Serve the base model under a different name and compare on the same rows. A real win looks like a jump in parse rate plus higher exact-match, not a cherry-picked example.

When QLoRA is enough — and when it isn’t

QLoRA is the right tool when you’re shaping behavior: output format, tone, a narrow repeated task, light domain adaptation. It’s cheap, fast, and the adapters are tiny to store and swap.

Reach for full fine-tuning when you need to move the model’s core capabilities — large-scale domain shift (a new language, a very different code distribution) or pretraining-scale continued training. At that point the low-rank bottleneck of LoRA is the limitation, and you have the budget anyway.
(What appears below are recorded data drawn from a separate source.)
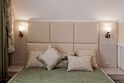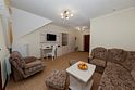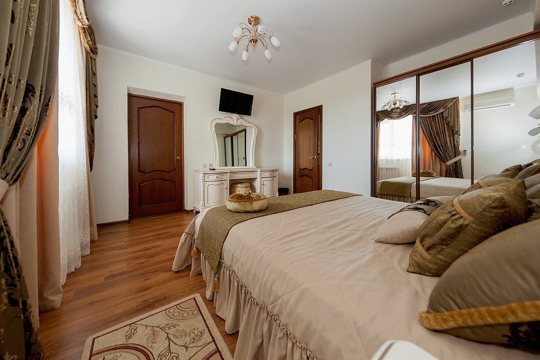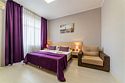 Комфортный двухкомнатный семейный номер с балконом и кухней с возможностью размещения до 5 человек. Расположен номер в 4 корпусе на 4 этаже (имеется лифт). Оптимально для отдыха большой семьей с размещением гостей на дополнительном месте. Спальная комната: двуспальная кровать, сплит-система, телевизор. Гостиная комната: раскладной диван (для 2-х человек), кресло-кровать, еврораскладушка или детская кроватка, сплит-система, холодильник, спутниковое телевидение, набор посуды, телефон, сейф. Кухня: обеденный уголок, кухонный гарнитур с плитой, набор посуды и кастрюль. Санузел1: душевая кабина, косметические принадлежности. Санузел2: джакузи, биде, косметические принадлежности, фен, халаты, тапочки.Услуги и удобства
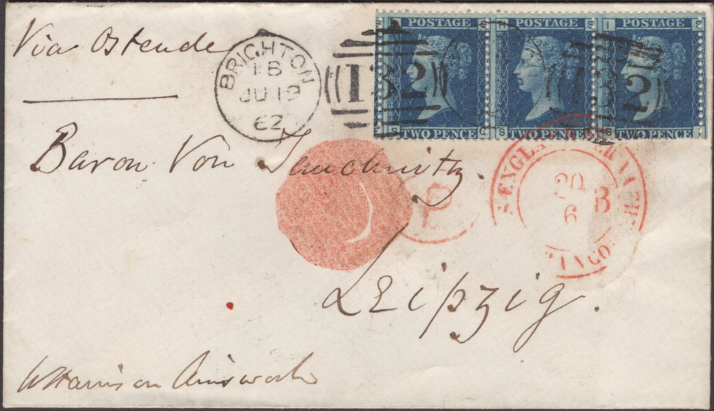 1862 MAIL BRIGHTON TO LEIPZIG WITH STRIP OF THREE 2D BLUE PL.9 (SG45). Fine envelope from Brighton to 'Baron Von Tauchnitz, Leipzig' 'Via Ostende' with strip of three 2d blue pl.9 (SG45) lettered SG SH SI, several short perforations, tied fine strikes 'BRIGHTON/132' duplex JU 19 62. Also on front 'AACHEN' transit date stamp and oval 'P' hand stamp. On reverse German receiver. Attractive usage. (Ref 135167).
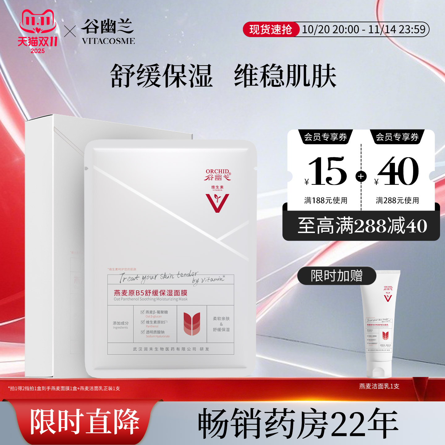 谷幽兰燕麦维生素原B5舒缓保湿深层补水急救面膜贴男女5片整盒装
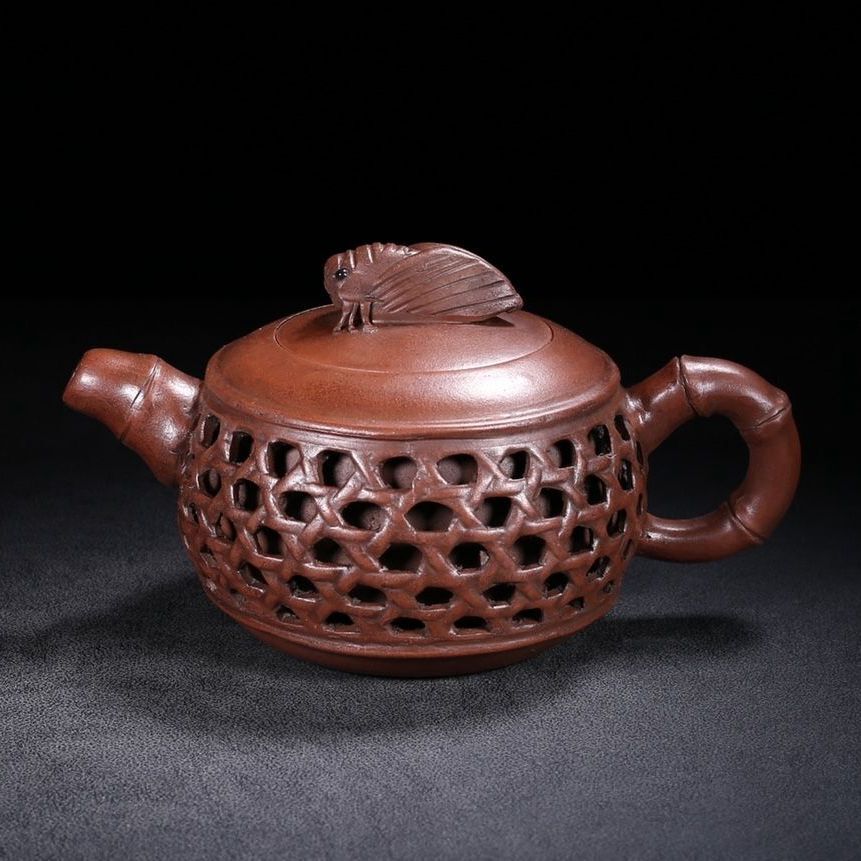 Vintage China Yixing Purple Clay Teapot Zisha Ceramic Carving Exquisite Teaware
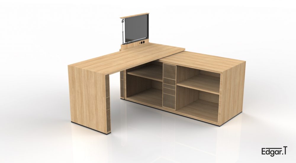 The furniture concept Edgar. T was designed to offer a comfortable work set up within space constraint living environments. The working comfort on one hand is provided by a number of integrated office features such as a desk lamp, a computer screen, a docking station with USB/HDMI ports and electrical sockets for additional devices. The actual desk area consists of an L-shaped arrangement of two large working surfaces, with the additional option to switch to a height adjustable standing desk when required. Edgar. T is equipped with a cabinet with drawers for ample storage of office utensils, as wells as the WIFI mouse, WIFI keyboard and a laptop, when not in use. In addition, shelves within the furniture offer storage space for files, binders, books or simply notes.
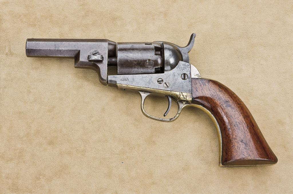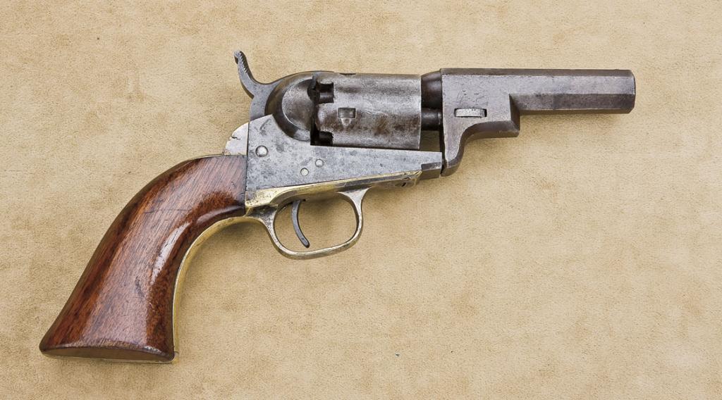 Colt model 1849 pocket model, .31 caliber percussion, with factory 3” barrel, no ramrod, often identified as “Wells Fargo model”. Serial number “122206”. The revolver remains in good to very good original condition showing generous cases of blue and case hardening mixing in the patina. There is some spotting and scattered light erosion and surface pitting, normal aging. The cylinder shows 30-40% light stagecoach hold-up scene. The backstrap and trigger guard show 30-40% original thick silver plate, and there are some dings and mars from contact on edges of trigger guard and butt. The varnish wood grips are very good plus with 60-70% original varnish, some wear at the edges, some slight dings, mars, scratches, and just normal aging. Good markings, all matching visible serial numbers. Good action, good overall. The pistol shows the “8” beneath the serial number on the frame, trigger guard, and backstrap, which is a peculiarity of this model. The barrel is not quite setting well on the pins and it shows a slight gap from being pried. With DuPont inventory sheet, purchased by him in 1983 in case, which is now separated. Est: $2,500 - $5,000

And the part nobody wants to hear: I’ve never once been saved by a clever learning-rate schedule. Every meaningful jump came from fixing the data — removing contradictory labels, balancing the cases, writing harder examples, looking at what the model got wrong and adding exactly those. Spend your time there. Hyperparameters are rounding error next to label quality.